-- TASK MATERIAL follows --

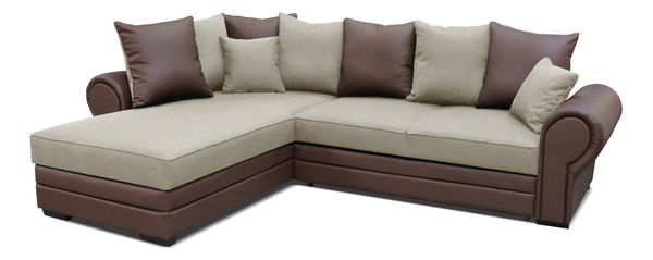 Pekná rohová sedačka s výraznou zaoblenou opierkou rúk. Sedacia časť sa skladá z pur peny a vlnitých pružín. Sedačka má možnosť rozkladu a má taktiež aj užitočný úložný priestor. Sedačka je potiahnutá koženkou a šenilom. Ľavé prevedenie sedačky.
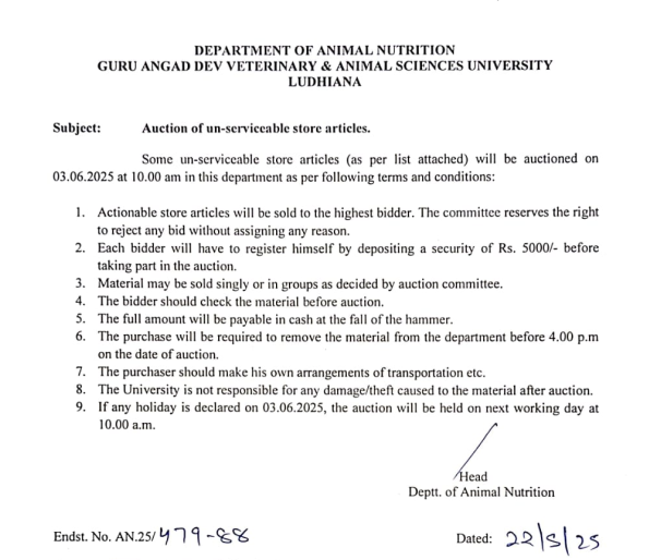 Auction of Un-serviceable Store Articles, Head, Department of Animal Nutrition, Guru Angad Dev Veterinary and Animal Sciences University, Ludhiana
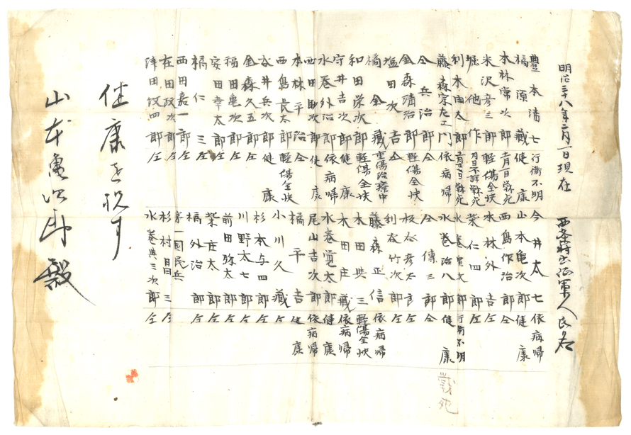 山本亀次郎(1873~?)は日清・日露戦争に従軍し、のち在郷軍人となったので、『軍隊手帳』、各種勲章、従軍保険関係、恩給関係、「簡閲点呼」関係資料などがある。また、赤十字関係、土地建物関係資料などもある。
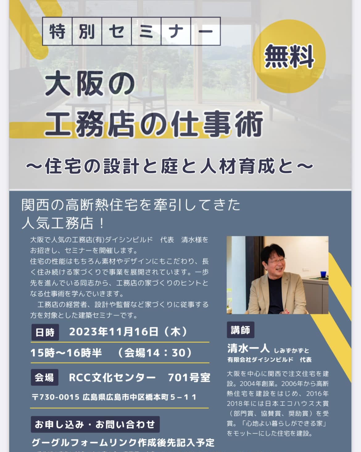 2023年11月、住生活の変化に対応できる家の会(広島)にて、「住宅の設計と庭と人材育成」をテーマに弊社代表清水が講演させていただきました。 50人入る会場は超満員、遠くは徳島からご来場いただきました。 ご参加くださった皆様、ありがとうございました。
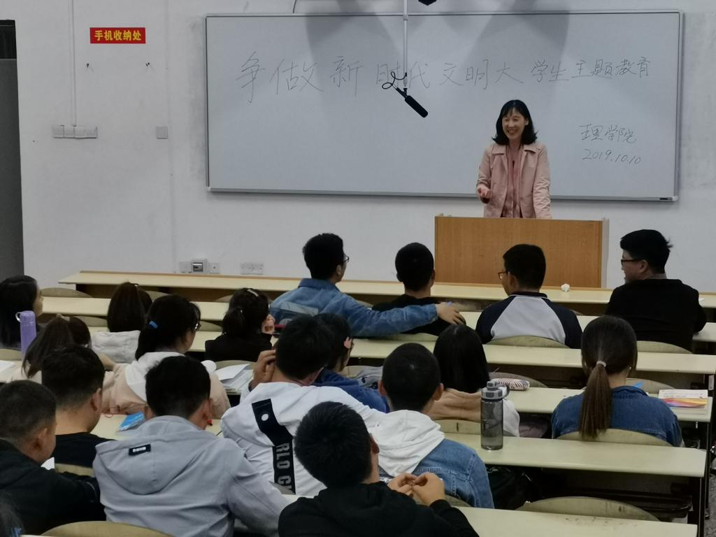 10月10日下午,英国be365官网在临潼校区骊山校园开展了争做新时代文明老员工主题教育活动。活动由英国be365官网学工办主任、团委书记赵明主持,2019级全体新生参加,理公司党委书记孙颜红出席并讲话。

-- TASK MATERIAL concluded --

— INSTRUCTIONS TO FOLLOW —
The lines wanted run from the first one in the material above through the line containing "Auction of Un-serviceable"; give them again exactly, leaving out the pictures.

— ANSWER SPACE —
 Pekná rohová sedačka s výraznou zaoblenou opierkou rúk. Sedacia časť sa skladá z pur peny a vlnitých pružín. Sedačka má možnosť rozkladu a má taktiež aj užitočný úložný priestor. Sedačka je potiahnutá koženkou a šenilom. Ľavé prevedenie sedačky.
 Auction of Un-serviceable Store Articles, Head, Department of Animal Nutrition, Guru Angad Dev Veterinary and Animal Sciences University, Ludhiana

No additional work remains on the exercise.